Continuing north from Creamton, the route turns to the northwest again, remaining rural for several miles. The route bends to the north, then northwest again. At a nearby home, PA 170 intersects with Sherwood Drive and McAvoy Road, where the highway and Creek Drive moniker turn to the northeast. After the intersection with Memorial Links Road, PA 170 leaves the forests for fields and intersects at a T with PA 670 (Bethany Turnpike) in now Mount Pleasant Township. At this intersection, the PA 170 designation terminates.

==History==
The alignment that was designated PA 170 in 1928, as one of six spurs designated off of PA 70. At that time, only the portion from US 6 in Prompton to the hamlet of Aldenville was a paved highway.

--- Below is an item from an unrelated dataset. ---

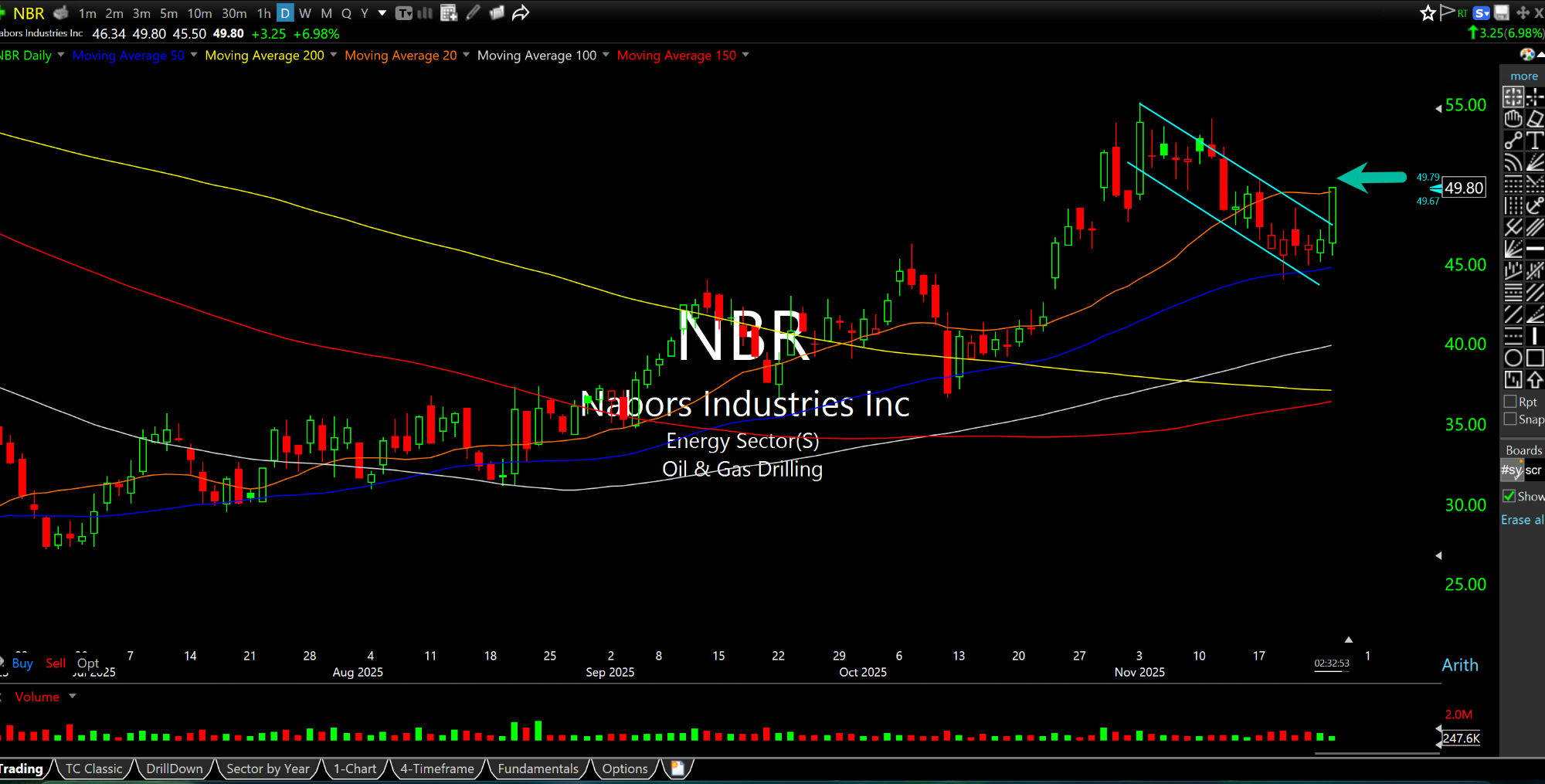 As slippery and untrustworthy as oil has been, you cannot deny the moxie, grit, and underlying bid that the oil services and equipment stocks in the OIH ETF have showing for a while now. Case in point: Even with crude having a soft session (but rallying off the session lows as we speak in the USO ETF) NBR (below on the daily chart) is one of many oil services green and continuing to sport impressive technicals.

The stretch from Aldenville to the intersection with McAvoy Road was paved in 1939. Eight years later, PA 170 was paved from the intersection with McAvoy Road north to the terminus at PA 670. In 1961, PA 70 was re-designated as PA 171, though the x70 spurs retained their numbers.

==Major intersections==

| Location | mi | km | Destinations | Notes |
| Prompton | 0.000 | 0.000 | US 6 (Roosevelt Highway / Grand Army of the Republic Highway) | Southern terminus of PA 170 |
| Clinton Township | 6.877 | 11.067 | PA 247 (Creamton Road) |  |
| Mount Pleasant Township | 11.629 | 18.715 | PA 670 (Bethany Turnpike) | Northern terminus of PA 170 |
1.000 mi = 1.609 km; 1.000 km = 0.621 mi

==See also==
- Pennsylvania Route 171 - The parent highway formerly designated Route 70.
- Pennsylvania Route 370 - The other remaining spur of Route 70.